== Segment start ==

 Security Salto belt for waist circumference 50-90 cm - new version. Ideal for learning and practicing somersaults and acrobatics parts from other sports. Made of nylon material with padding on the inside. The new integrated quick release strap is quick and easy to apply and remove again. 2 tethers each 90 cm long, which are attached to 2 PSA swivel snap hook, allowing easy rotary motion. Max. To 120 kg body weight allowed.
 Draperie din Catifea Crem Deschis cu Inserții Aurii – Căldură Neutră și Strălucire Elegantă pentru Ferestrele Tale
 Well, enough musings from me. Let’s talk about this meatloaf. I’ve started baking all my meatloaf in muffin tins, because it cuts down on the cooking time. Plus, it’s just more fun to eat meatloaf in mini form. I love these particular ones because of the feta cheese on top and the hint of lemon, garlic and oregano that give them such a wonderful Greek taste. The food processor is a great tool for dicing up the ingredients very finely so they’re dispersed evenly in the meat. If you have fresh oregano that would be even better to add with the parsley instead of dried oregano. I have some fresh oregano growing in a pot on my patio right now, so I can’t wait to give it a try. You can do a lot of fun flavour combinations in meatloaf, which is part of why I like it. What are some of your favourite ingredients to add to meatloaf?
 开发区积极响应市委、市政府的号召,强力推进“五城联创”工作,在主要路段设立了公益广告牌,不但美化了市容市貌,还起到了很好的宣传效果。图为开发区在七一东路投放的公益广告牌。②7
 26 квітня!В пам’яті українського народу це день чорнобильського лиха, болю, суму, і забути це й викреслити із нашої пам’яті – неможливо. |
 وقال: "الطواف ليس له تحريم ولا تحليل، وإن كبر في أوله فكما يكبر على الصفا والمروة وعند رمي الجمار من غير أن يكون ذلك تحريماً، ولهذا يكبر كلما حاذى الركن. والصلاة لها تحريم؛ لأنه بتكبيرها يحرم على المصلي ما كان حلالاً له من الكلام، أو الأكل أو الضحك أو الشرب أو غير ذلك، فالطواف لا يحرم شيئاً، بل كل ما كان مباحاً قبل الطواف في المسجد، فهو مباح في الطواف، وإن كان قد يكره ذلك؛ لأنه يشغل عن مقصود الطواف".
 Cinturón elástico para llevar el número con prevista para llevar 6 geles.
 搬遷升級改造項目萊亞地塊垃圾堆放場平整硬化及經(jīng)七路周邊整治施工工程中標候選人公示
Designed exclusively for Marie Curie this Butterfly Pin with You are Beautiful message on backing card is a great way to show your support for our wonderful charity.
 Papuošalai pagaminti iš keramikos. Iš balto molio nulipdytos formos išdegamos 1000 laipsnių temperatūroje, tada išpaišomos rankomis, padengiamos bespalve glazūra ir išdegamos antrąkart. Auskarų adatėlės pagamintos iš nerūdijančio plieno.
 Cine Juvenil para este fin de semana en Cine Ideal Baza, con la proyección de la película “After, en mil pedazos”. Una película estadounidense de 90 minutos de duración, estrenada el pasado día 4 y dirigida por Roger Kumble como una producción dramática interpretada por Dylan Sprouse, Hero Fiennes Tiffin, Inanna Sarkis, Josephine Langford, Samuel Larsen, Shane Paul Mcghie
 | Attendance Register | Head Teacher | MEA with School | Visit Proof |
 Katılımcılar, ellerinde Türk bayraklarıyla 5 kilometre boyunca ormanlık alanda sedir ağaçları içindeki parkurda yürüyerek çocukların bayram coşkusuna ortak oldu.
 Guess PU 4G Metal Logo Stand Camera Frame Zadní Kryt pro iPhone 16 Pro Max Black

== Segment end ==

● **TASK GOAL**: Search the entries above for lines containing the word "this", and copy each one.

● **WRITTEN REPLY**:
 Well, enough musings from me. Let’s talk about this meatloaf. I’ve started baking all my meatloaf in muffin tins, because it cuts down on the cooking time. Plus, it’s just more fun to eat meatloaf in mini form. I love these particular ones because of the feta cheese on top and the hint of lemon, garlic and oregano that give them such a wonderful Greek taste. The food processor is a great tool for dicing up the ingredients very finely so they’re dispersed evenly in the meat. If you have fresh oregano that would be even better to add with the parsley instead of dried oregano. I have some fresh oregano growing in a pot on my patio right now, so I can’t wait to give it a try. You can do a lot of fun flavour combinations in meatloaf, which is part of why I like it. What are some of your favourite ingredients to add to meatloaf?
Designed exclusively for Marie Curie this Butterfly Pin with You are Beautiful message on backing card is a great way to show your support for our wonderful charity.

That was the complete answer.